Date: 04/29/2004 at 14:17:13
From: Joe 
Subject: Trisect

I've been working on trisecting an arbitrary angle, and I can do it
with no measuring and only a straightedge and a compass.  I can prove
it with "Geometer's Sketchpad."

I divide the arc of the angle and not the angles as you would in 
bisecting.  My reasoning is that one half the circumference of a
circle that is two-thirds the size of another is one third the
circumference of the larger.  I know the chords do not follow but I
have a means of correcting this.  This follows for any segment of the
circle.  It is simple and it checks out with any angle and by double
checking it with The Geometer's Sketchpad or using a known angle and
checking my answer by figuring the chord and comparing.

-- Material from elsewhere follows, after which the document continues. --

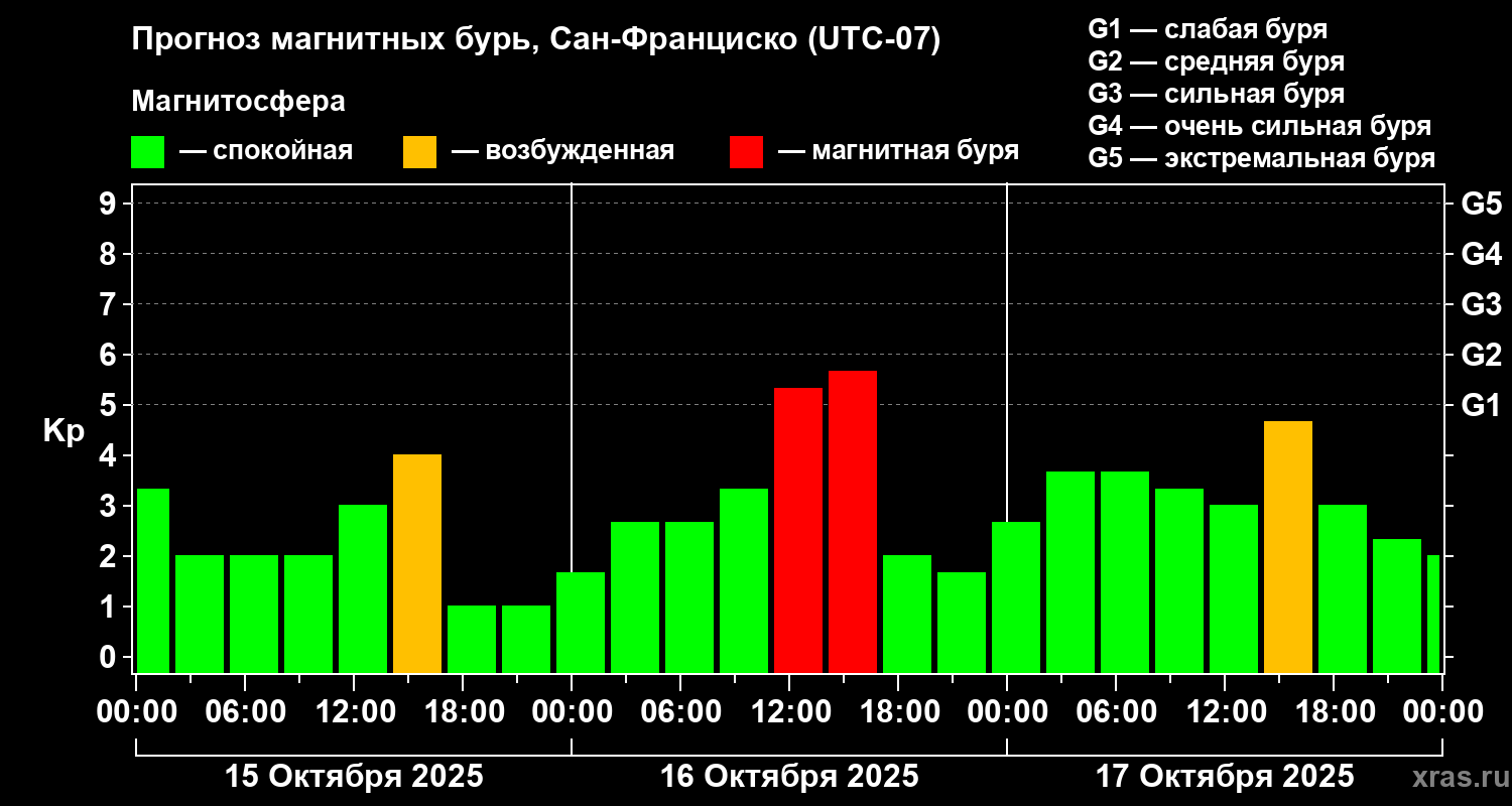 Прогноз магнитных бурь Сан-Франциско на 15 октября 2025 года

Where can I submit my effort for confirmation?  It has been very
frustrating to get anyone to take a look.  All I have heard is that
it's impossible.

Date: 04/29/2004 at 14:28:45
From: Doctor Peterson
Subject: Re: Trisect

Hi, Joe.

Sorry--you can't prove ANYTHING with Geometer's Sketchpad!  That just 
draws things and calculates angles and lengths, but only to some level 
of accuracy.  The kind of proof that is required for a geometric 
construction, under the rules of the trisection game, is a logical 
proof that it is EXACTLY correct, which the computer can't do (at 
least not that program).

The following page may help you see what I mean by saying that 
Sketchpad can't prove anything: a proof is a logical derivation, not 
just a demonstration using measurements or calculations.  What you 
have done is not a proof, judging by your description.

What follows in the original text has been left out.